My only memory of the Crawdads game was a hamstring injury suffered by catcher Ryan Doumit, who in a few years would go on to play in the major leagues.

The promotion that night at L.P. Frans Stadium — where the crowd was a decent one considering a pre-game thunderstorm had delayed things — was a contest between cheerleading squads.

As the evening unfolded before me from my seat behind the third base dugout, I called home to my wife by the eighth inning to simply say, “I could see us living here.”

There was something about the community that had gathered that night, and it far beyond the cheers of the crowd for players that hailed from different parts of the planet.

It was beyond baseball.

It was looking at the young faces of Little Leaguers as they ran onto the field with the Crawdads players to stand at attention for the national anthem.

It was watching the crowd cheer on their own youth and others from different schools as they demonstrated their cheer routines on the field. While Maiden’s squad cheered, I learned a little about the town billed as “The Biggest Little Football Town in the World.”

It was observing the signboards from the different companies that supported the team, those who obviously felt baseball was important enough to a small town to pour money into the coffers of the Crawdads and help fund the team’s operations.

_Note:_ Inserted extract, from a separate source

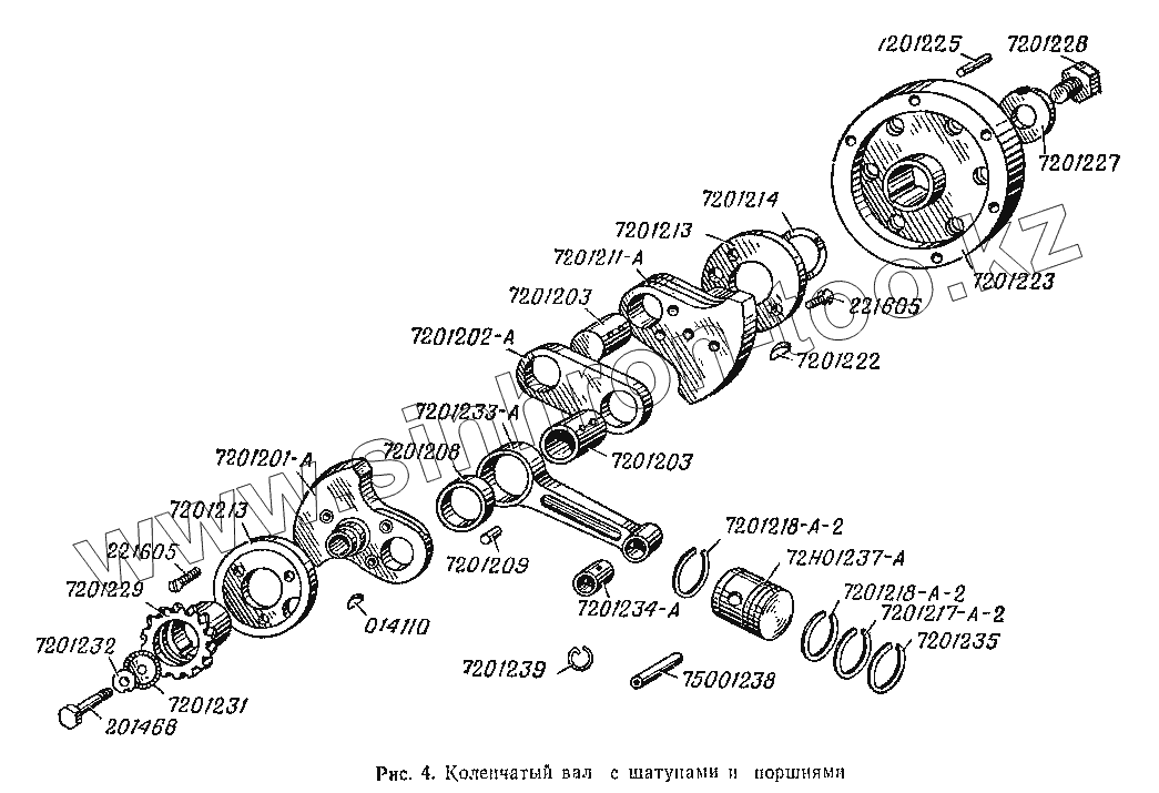 Каталог запасных частей к технике: ИМЗ МВ-750. Коленчатый вал с шатунами и поршнями
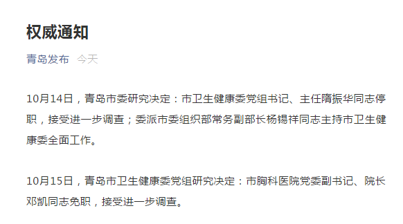 据青岛发布消息,10月14日,青岛市委研究决定:市卫生健康委党组书记、主任隋振华同志停职,接受进一步调查;委派市委组织部常务副部长杨锡祥同志主持市卫生健康委全面工作。

My hosts for that night told me what an important asset the Crawdads were to the community.

I saw it in action that night – a hometown team.

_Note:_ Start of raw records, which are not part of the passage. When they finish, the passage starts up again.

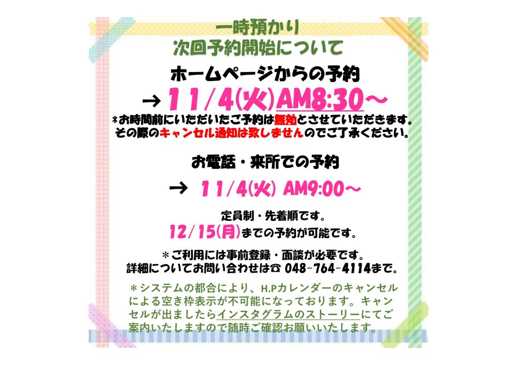 【11月4日から開始】12月1日~12月15日までの一時預かり予約
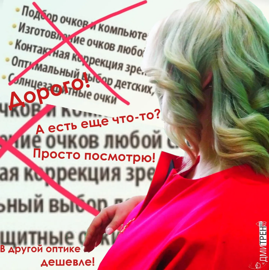 Предлагаю такой необычный ход, который выделит вашу оптику среди других собратьев по бизнесу. Новые смешные услуги Например, обыграйте тему типичных возражений в вашем салоне и сделайте эдакое шутливое объявление в соцсетях или при входе (а почему бы нет?): "В нашем салоне введен новый перечень услуг👍! Теперь вы всегда сможете: Ждем вас в нашей клиентоориентированной оптике!" Как вам такой подход?😉
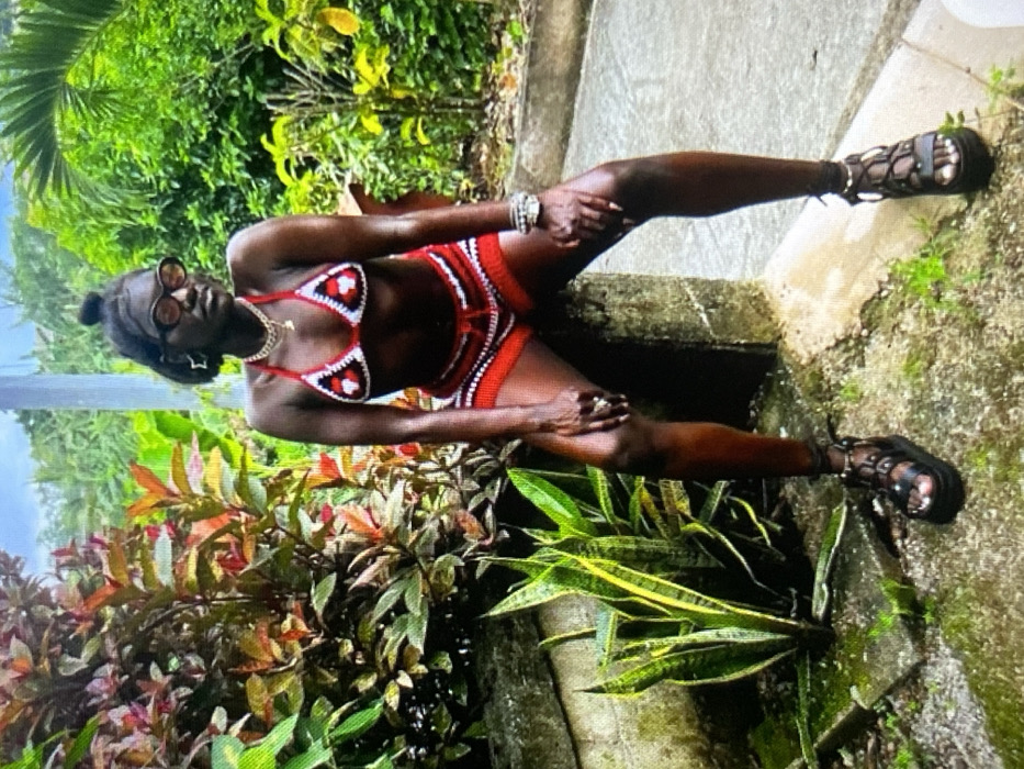 A woman with dark skin is posing in a red and white crochet bikini top and shorts. She is wearing sunglasses, a necklace, and bracelets. Her hair is in a bun. She is lying on a concrete structure surrounded by lush green foliage. Her legs are stretched out and she is wearing black strappy sandals. The setting appears to be a tropical garden.

Along with the SALT Block and the symphony, the Crawdads sold me on Hickory. It showed me that this was a small town that wanted more from life than a 9-to-5 routine and then to go home.

It showed me it was a city that wanted a quality of life for its families that included sports and the arts and learning.

I moved to Hickory, based partially on that steamy July night at a stadium nestled into the woods off Clement Blvd.

The city has lived up to its promise of a community that wanted a certain quality of life for its residents.

Three years later, I began a five-season stint of working for the Crawdads. I sold tickets and sponsorships, pulled tarp, organized game scripts and played music and video clips.

Two of my kids have donned mascot costumes and my third child has had the run of L.P. Frans Stadium since she was a toddler. Prom pictures have been taken there with the third child’s yet to come. It’s a Parker tradition.

The stadium has become a part of my family’s life in the summer.

Now entering its 26th season, the stadium has been an integral part of the fabric of life in Hickory.

Quite simply, there are no strangers at a ballpark.

It’s a place where school children meet up at the playground or, try as they may, to catch a foul ball.

It’s a place where people who’ve never met talk baseball; they relive their own youths when they played the game.

It’s a place where fans line the fences before and after a game to meet players and maybe get an autograph from players who reside in Nicaragua, Pennsylvania, Michigan, Florida, or Venezuela.

We may share in their dream of making it to the big leagues and being able to say, “I remember when that guy played in Hickory; I have his autograph.”

On Tuesday, I congratulated a former Crawdads infielder Isiah Kiner-Falefa on his initial big league callup to the Texas Rangers. Three years ago, I’d interviewed him by the clubhouse after a weird play in which he attempted to steal home in the 10th inning. (A balk was called and the game was over.)

After five seasons of 100-plus hour weeks during the season, I have moved on. But I still find my way to L.P. Frans a lot, covering the team for the Hickory Daily Record, working as an official scorer and keeping track of the Crawdads’ alumni.

I do so partly because of my love for the game.

But mostly, I do so for the same reason as I became smitten with the city that July night nearly 16 years ago – because of its people and the bond they have for one another.

When we come out to the ballgame, we may celebrate the Crawdads in their victories. But more importantly, when the fans come out to the ballgame, we celebrate ourselves as a community.